Was ist die GCLID und warum ist sie so wichtig für dein Conversion Tracking?
Die GCLID (Google Click Identifier) ist ein Parameter, den Google Ads automatisch an deine URL anhängt, wenn jemand auf deine Anzeige klickt. Dieser Parameter verbindet den Klick mit der späteren Conversion in deinem Konto. Ohne GCLID funktioniert dein Conversion Tracking nicht und Smart Bidding kann nicht richtig optimieren. Seit den Apple-Privacy-Änderungen gibt es mit GBRAID und WBRAID zwei zusätzliche Parameter, die auf iOS-Geräten zum Einsatz kommen.
Was ist die GCLID in Google Ads?
Die GCLID (Google Click Identifier) ist eine eindeutige Kennung, die Google bei jedem Klick auf eine Anzeige generiert. Sie wird als Parameter an die Ziel-URL angehängt – zum Beispiel www.deine-seite.de/?gclid=EAIaIQobChM... – und ermöglicht Google Ads, diesen einzelnen Klick einer späteren Conversion zuzuordnen. Die GCLID wird durch die Auto-Tagging-Funktion in Google Ads erzeugt und funktioniert nur, wenn Auto-Tagging aktiviert ist.

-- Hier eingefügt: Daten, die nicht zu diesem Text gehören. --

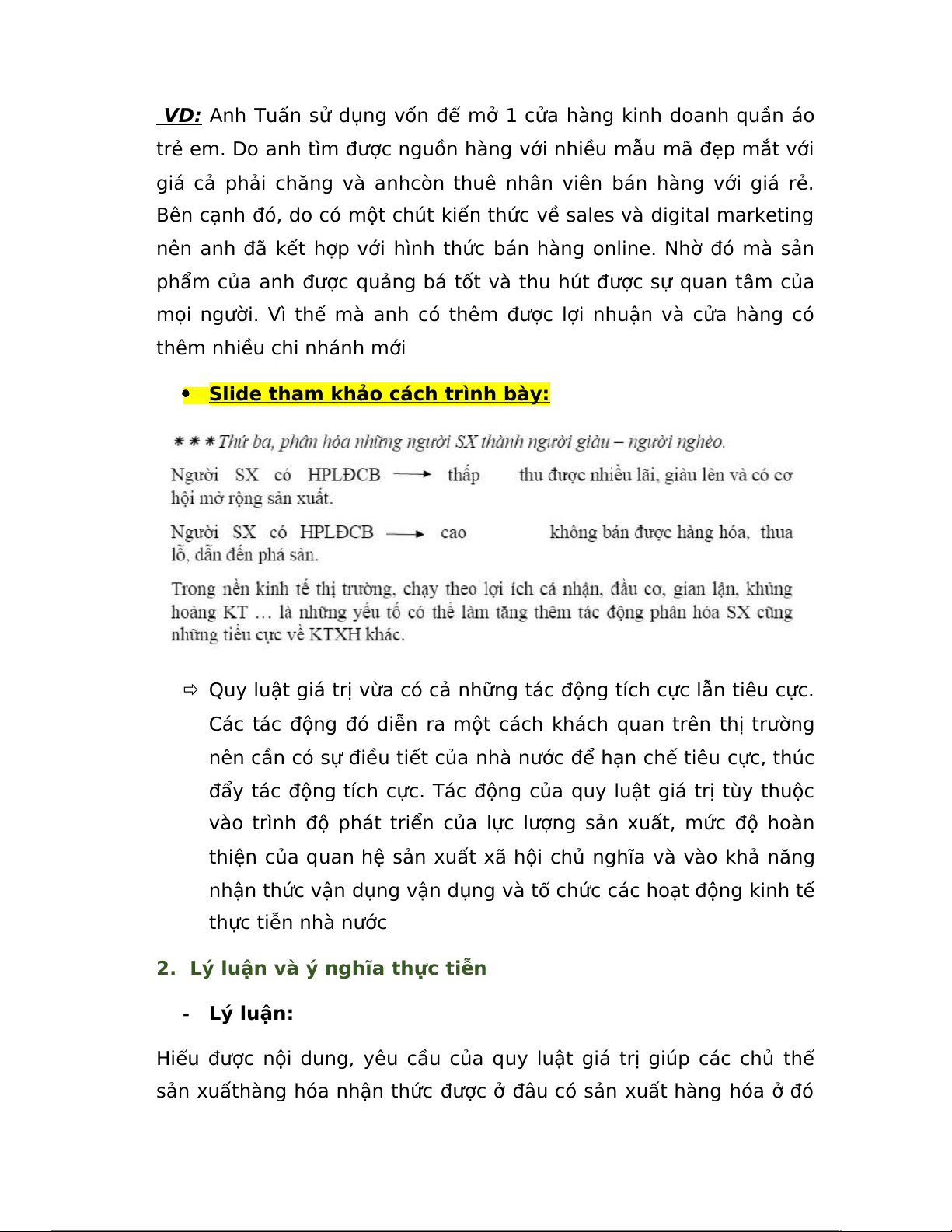 triển phải tôn trọng và hành xử theo quy luật giá trị. - Thực tiễn:

Wenn du eine Google Ads-Kampagne schaltest und jemand auf deine Anzeige klickt, passiert im Hintergrund etwas Entscheidendes: Google hängt automatisch einen langen, kryptischen Parameter an die URL deiner Zielseite an. Dieser Parameter ist die GCLID.
Für den Nutzer ist die GCLID praktisch unsichtbar. Er bemerkt lediglich, dass die URL in der Browserleiste etwas länger aussieht als gewöhnlich. Für dich als Werbetreibender ist sie aber unverzichtbar, denn sie ist das Bindeglied zwischen dem Klick auf die Anzeige und allem, was danach passiert – ob der Nutzer anruft, ein Formular abschickt oder einen Kauf tätigt.
Ohne die GCLID wüsstest du nur, dass jemand auf deine Anzeige geklickt hat. Du wüsstest aber nicht, ob aus diesem Klick auch eine Anfrage oder ein Auftrag geworden ist. Und genau diese Information ist es, die den Unterschied macht zwischen blindem Geldausgeben und gezieltem Werben.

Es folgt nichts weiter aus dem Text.